Этот окатанный кусок базальта смутно напоминал человеческую фигуру, вписанную в усеченный конус. Время сгладило острые грани. А случай, раскрутив между задними колесами ЗИЛа, забросил прямо в ветровое стекло "Рафика", на котором бригада наладчиков возвращалась из командировки. Стекло осыпалось, камень пролетел через весь салон и ударился в мой рюкзак.

- Юра! Этим камнем тебя могло прибить! Ответственно заявляем! Оцени момент! Ты получил сувенир от старушки Фортуны - смеялись мужики.
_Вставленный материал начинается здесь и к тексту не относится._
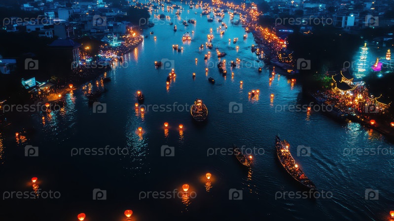 Праздник фонарей над рекой ночью

Шоферу, правда, было совсем не до смеха. Камень прошел сантиметрах в десяти от его головы. Но на него почему-то никто внимания не обращал.
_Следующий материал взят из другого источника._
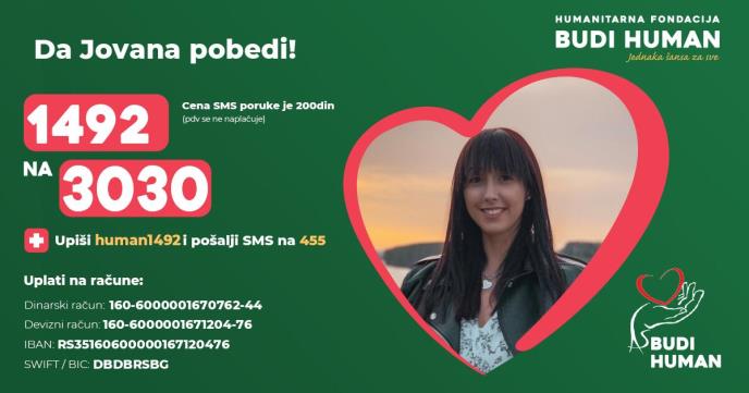 Hitno je u novembru 2022. godine operisana na Klinici za neurohirurgiju u Beogradu, a nakon operacije PH nalaz je pokazao da se se radi o najagresivnijoj vrsti tumora- zloćudnom tumoru slepoočnog režnja mozga (C71.2 Neoplasma malignum cerebri, lobi temporalis). Postoperativno lečenje sprovedeno je na Institutu za onkologiju i radiologiju Srbije zračnom terapijom i hemioterapijom, koje i dalje traju. Da bi se vratila njenoj prvoj ljubavi – violini, kao i njenim đacima, Jovana želi da u toku primanja hemioterapije lečenje nastavi i u klinici na Kubi primenom vakcina jer su mogućnosti daljeg lečenja u Srbiji iscrpljene. Sredstva su potrebna za lečenje u inostranstvu, specijalističke preglede, laboratorijske analize, terapije, operaciju gama nožem, kao i za troškove puta i smeštaja u toku lečenja. Da Jovana pobedi! Budimo humani!

Совершенно логично общество пришло к выводу: "С тебя бутылка, Юра! С днем Рождения!"

Да, было дело! Новый, с иголочки город энергетиков. Припять, пляжный волейбол с девчонками, пока водитель мотался невесть куда за новым стеклом. Бутылкой дело не кончилось. Их было в количестве, благо накануне получили премию. Вечером никто уже никуда ехать не хотел, жгли костер, нестройно пели Визбора и Окуджаву под расстроенную гитару. С кем я тогда проснулся? Как ее звали? Аня, Лена? Забыл, вот ведь какое дело. В памяти остались только ситцевое платье в горошек и каменной крепости чашечки лифчика, который долго не получалось расстегнуть. Ладно, не о том думаю.
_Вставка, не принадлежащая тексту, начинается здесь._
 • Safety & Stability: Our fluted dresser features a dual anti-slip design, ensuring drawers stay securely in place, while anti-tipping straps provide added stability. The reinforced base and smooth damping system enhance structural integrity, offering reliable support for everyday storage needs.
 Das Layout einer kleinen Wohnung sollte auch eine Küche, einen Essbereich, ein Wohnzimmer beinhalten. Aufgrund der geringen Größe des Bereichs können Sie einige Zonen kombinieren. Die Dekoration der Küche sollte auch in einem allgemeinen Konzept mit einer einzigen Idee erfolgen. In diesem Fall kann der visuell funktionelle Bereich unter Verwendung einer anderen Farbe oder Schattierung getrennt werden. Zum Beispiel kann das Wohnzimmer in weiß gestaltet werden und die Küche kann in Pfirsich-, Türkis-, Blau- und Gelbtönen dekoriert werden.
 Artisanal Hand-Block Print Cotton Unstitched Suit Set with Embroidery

Я вообще-то атеист. Но, как говорил кто-то из великих: "В нечистую силу я верю, коли ей обстоятельства благоприятствуют. Чего и все другим советую".

Вот и я, вспомнив про шаманские обычаи, взял канцелярский ножик, чиркнул по ладошке и намазал камень кровью. Стоило также сказать: "Поехали", но это стало понятно чуть позже.

Пролог.

… Странный, тяжелый сон. Большой зал, освещенный мечущимися языками огня. Оранжевое, густо коптящее пламя факелов, бросающее причудливые тени на неровно тесанные глыбы известняка. Стоны, приглушенные ругательства, плач. Запах смерти.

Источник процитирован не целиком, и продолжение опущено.